Happy Reading!!
Jangan lupa Voment ya manteman 🤗🤗🤗
<><><>
Tepat pukul lima sore, setelah latihan dan mendengarkan arahan dari pelatih mereka untuk perlombaan yang akan dilaksanakan beberapa hari lagi. Alana berjalan beriringan bersama Juan, utusan taekwondo putra. Setelah latihan sepulang sekolah sampai akhirnya selesai tepat pukul 5 sore. Mereka mengobrol santai membicarakan masalah perlombaan yang akan mereka ikuti.
Juan adalah anak IPS yang seangkatan dengan Alana. Mereka berdua sering diutus untuk perlombaan taekwondo. Karena memang mereka berdua sangat bertalenta.
Mereka memang akrab, karena selain sering bertemu dalam ekskul mereka dulu juga dekat waktu di kelas 10. Jadi wajar jika mereka tampak akrab.
"Lan, mau pulang bareng nggak? Lagian anak basket juga udah pulang tuh," ujar Juan menoleh ke arah lapangan basket yang sudah sepi.

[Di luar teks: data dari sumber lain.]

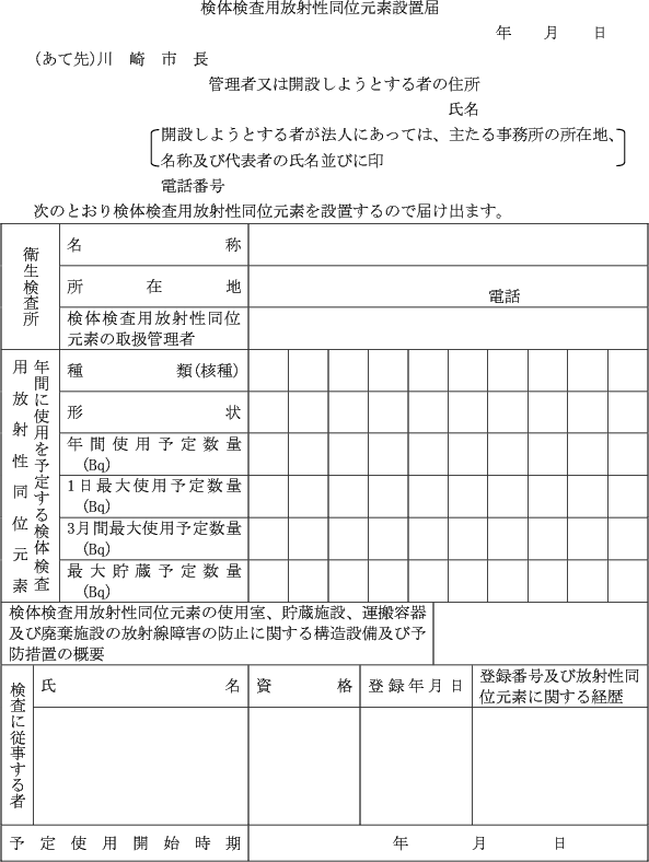 (検体検査用放射性同位元素設置の届出)

Alana mengerutkan keningnya mendengar ucapan Juan yang menurutnya aneh.
"Emang apa hubungannya sama anak basket?" tanya Alana heran. Juan menoleh kembali menatap Alana, lalu terkekeh pelan.
"'Kan Azka anak basket. Dia udah pulang duluan. Nggak nungguin lo?"
Alana semakin bingung dengan ucapan Juan. "Terserah dia lah mau pulang duluan atau enggak. Apa hak gue buat ngelarang dia? 'Kan kita nggak ada hubungan apapun."
Mereka kembali berjalan menuju gerbang sekolah.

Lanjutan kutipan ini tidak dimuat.